В соответствии с этим у него есть своя схема, и силу свою он проявляет в ее вариациях. Делая
библиотеку в имении лорда местом убийства, ни один автор детективного романа не испытывает ни
малейших угрызений совести в связи с тем, что это в высшей степени неоригинально. Характеры
меняются редко, а мотивов для убийства существует совсем мало. Хороший автор детективного романа
не вкладывает слишком много таланта в разработку новых характеров или в придумывание новых
мотивов преступления и не размышляет над ними слишком долго. Не это для него важно. Тот, кто,
узнав, что десять процентов всех убийств происходит в доме священника, воскликнет: “Вечно одно и то
же!”, тот не понял сути детективного романа. С таким же успехом он мог бы в театре уже при поднятии
занавеса воскликнуть: “Вечно одно и то же!” Оригинальность заключается в другом. Тот факт, что
характерное отличие детективного романа состоит в вариациях более или менее постоянных элементов,
придает всему жанру даже некий эстетический уровень. Это один из признаков процветающей отрасли
литературы.
Кстати, восклицание профана: “Вечно одно и то же!” — основано на той же ошибке, что и мнение
белого, будто все негры на одно лицо.
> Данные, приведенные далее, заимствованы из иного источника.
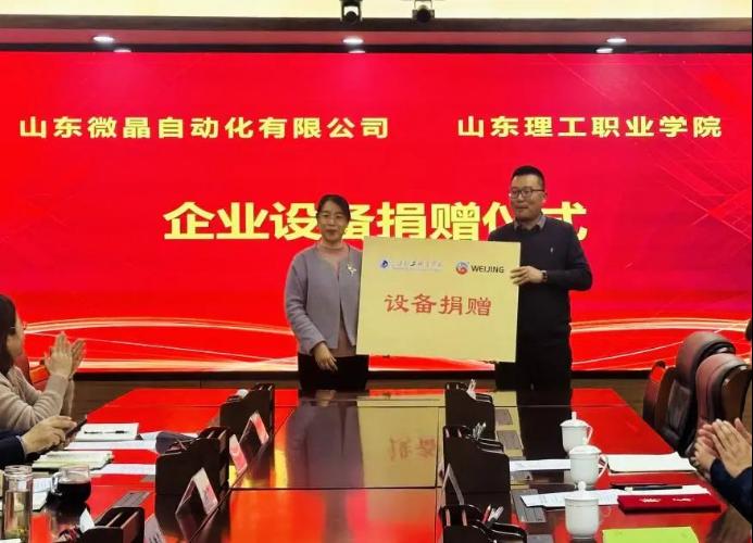 山東理工職業(yè)學院機電工程學院副院長王素梅接受山東微晶自動化總經(jīng)理王軍的企業(yè)設備募捐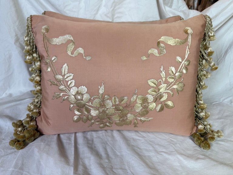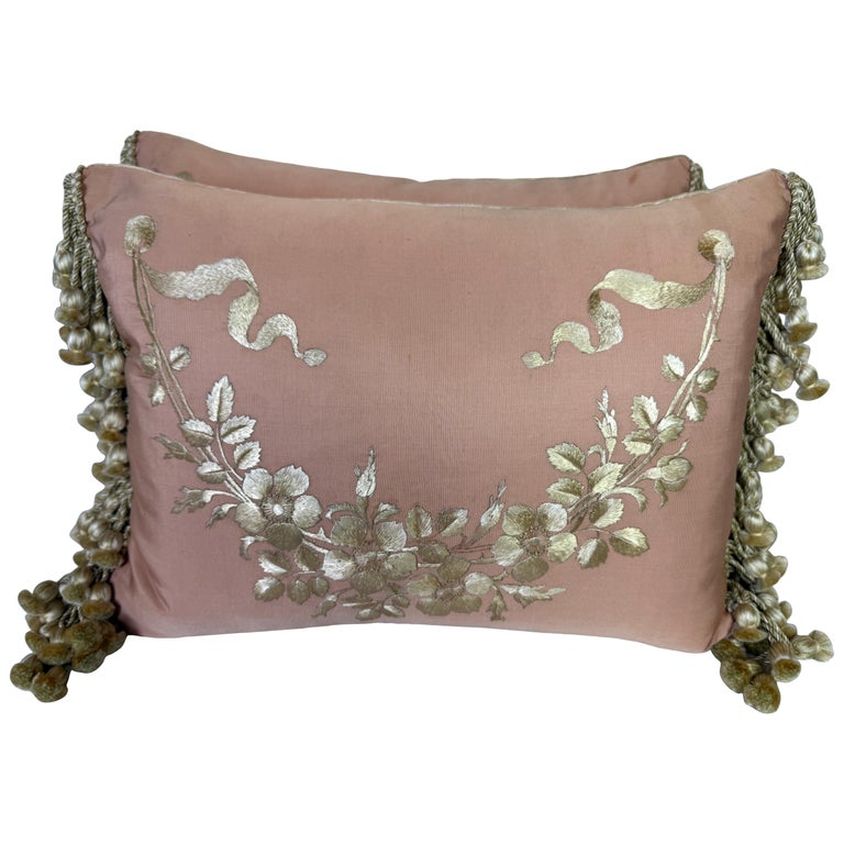 Pair of Pink Silk Embroidered Pillows w/ Tassel Fringe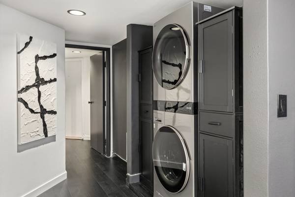 The apartment features a communal kitchen equipped with a refrigerator, a dishwasher, and a microwave. There is also a shared bathroom, which includes a washing machine, a dryer, and central air conditioning. The monthly rent is set at $1607. A garage space may be available upon request.
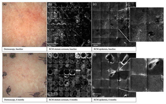 - Benati, E.; Longhitano, S.; Pampena, R.; Mirra, M.; Raucci, M.; Pellacani, G.; Longo, C. Digital Follow-up by Means of Dermatoscopy and Reflectance Confocal Microscopy of Actinic Keratosis Treated with Imiquimod 3.75% Cream. J. Eur. Acad. Dermatol. Venereol. 2020, 34, 1471–1477. [Google Scholar] [CrossRef]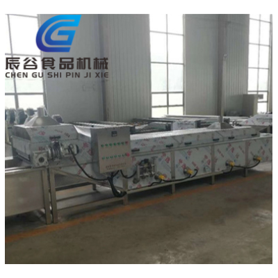 蒸煮漂燙流水線有蒸煮機,冷卻機、瀝水機等組成。整機采用SUS304不銹鋼制作,漂燙溫度、速度可根據工藝要求設定。該機運行平穩,噪音低,伸縮性小,不易變形,易保養。水溫由溫控儀自動控制,速度采用變頻調速。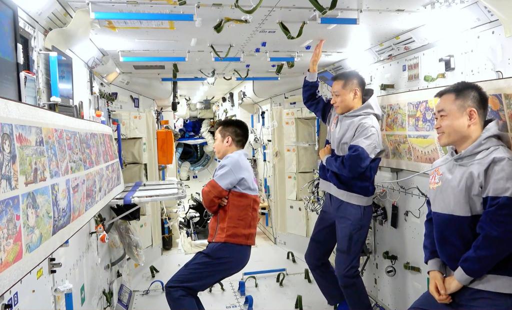 2024年2月23日,第三屆“天宮畫展”在中國空間站開展。神舟十七號航天員乘組在軌展示和介紹了新時代青少年暢想中國式現(xiàn)代化的美麗畫卷。

Существует множество схем детективного романа, важно только,
чтоб это были именно схемы.
Детективный роман подвластен англичанам, как подвластен им сам мир. Кодекс английского
детективного романа самый богатый и самый замкнутый. Он гордится своими строжайшими
правилами, и они изложены в хороших эссе. Американцы располагают куда более слабыми схемами и
повинны, с английской точки зрения, в погоне за оригинальностью. Их убийства производятся как по
конвейеру и носят характер эпидемии. При случае их романы опускаются до уровня thriller [боевика
(англ.).], то есть thrill [удар (англ.).] уже не духовный, а лишь чисто нервный.
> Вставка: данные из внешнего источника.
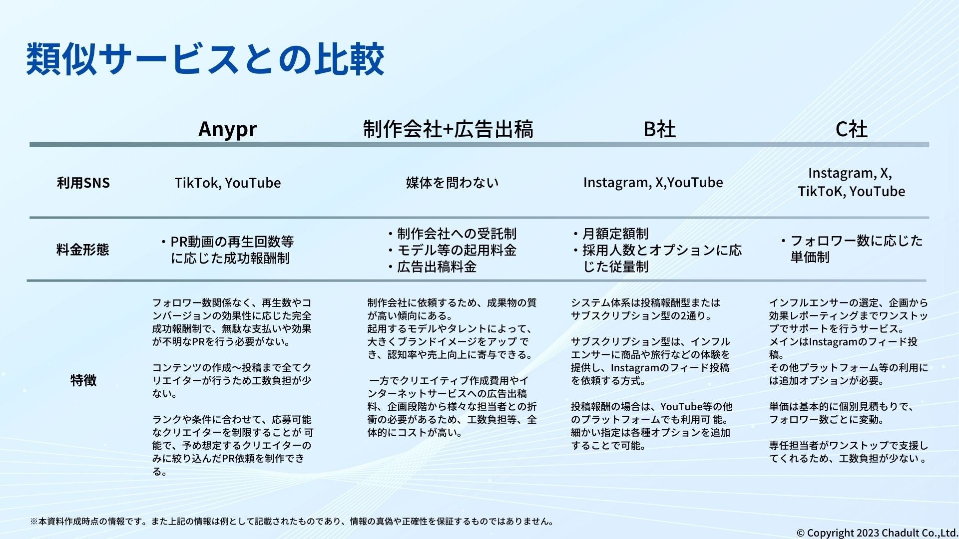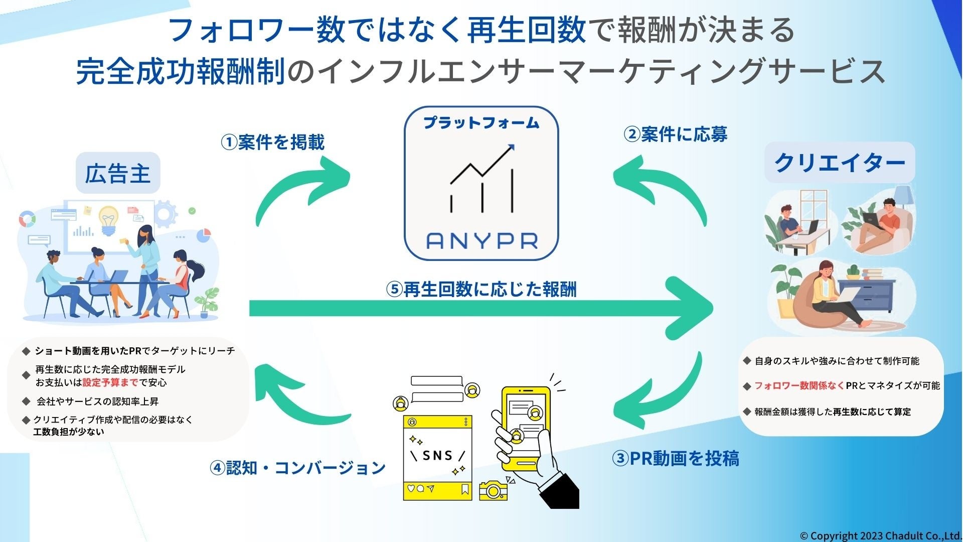 2023年10月、東京都を拠点にするスタートアップ企業「Chadult(チャダルト)株式会社」は、ショート動画に特化したインフルエンサーマーケティングサービス「Anypr(エニプル)」をリリースしました。

Хорошему английскому детективному роману присуща, прежде всего, порядочность. Он показывает
моральную силу. То play the game [соблюдать правила игры (англ.)] — дело чести. Читателя не
обманывают, весь материал предъявляется ему до того, как сыщик разгадает загадку. Читателю
предоставляют возможность самому найти разгадку. Удивительно, до какой степени основная схема
хорошего детективного романа напоминает метод работы наших физиков. Сперва записываются
определенные факты. Вот труп. Часы испорчены и показывают два часа. У экономки есть здоровая тетя.
Небо в эту ночь было покрыто тучами. И так далее, и так далее. Затем выдвигаются рабочие гипотезы,
которые могли бы соответствовать фактам. Прибавление новых фактов или отбрасывание фактов уже
известных вынуждает искать новую рабочую гипотезу. В конце проводится проверка рабочей гипотезы:
эксперимент. Если посылка правильна, убийца в результате принятых мер должен появиться тогда-то и
там-то. Решающим является то обстоятельство, что не действия вытекают из характеров, а характеры из
действий. Мы видим действия людей, — фрагментарно. Их мотивы неясны, они должны быть раскрыты
логически. Предполагается, что их действия определяются их интересами, причем интересами почти
всегда материальными. Их и стремятся установить.
Мы видим здесь приближение к научной точке зрения и огромный отход от психологического
романа, основанного на самонаблюдении.
Гораздо менее важно, например, что в детективном романе описываются научные методы, и что
большую роль играют медицина, химия и механика: вся концепция автора детективного романа
находится под влиянием науки.
Можно упомянуть в этой связи, что и в современном литературном романе, у Джойса, Дёблина и Дос
Пассоса, обнаруживается явственный раскол между субъективной и объективной психологией, и даже в
новейшем американском веризме всплывают такие тенденции, хотя, по-видимому, здесь опять
приходится говорить об обратном развитии. Чтобы увидеть связь между в высшей степени сложными
произведениями Джойса, Дёблина и Дос Пассоса и детективными романами Сейерс, Фримэна и Роуда,
надо, конечно, отвлечься от эстетических оценок. Но если эту связь увидеть, тогда становится ясно, что,
при всей своей примитивности (не только эстетической), детективный роман даже больше отвечает
потребностям людей в эпоху науки, чем произведения авангарда.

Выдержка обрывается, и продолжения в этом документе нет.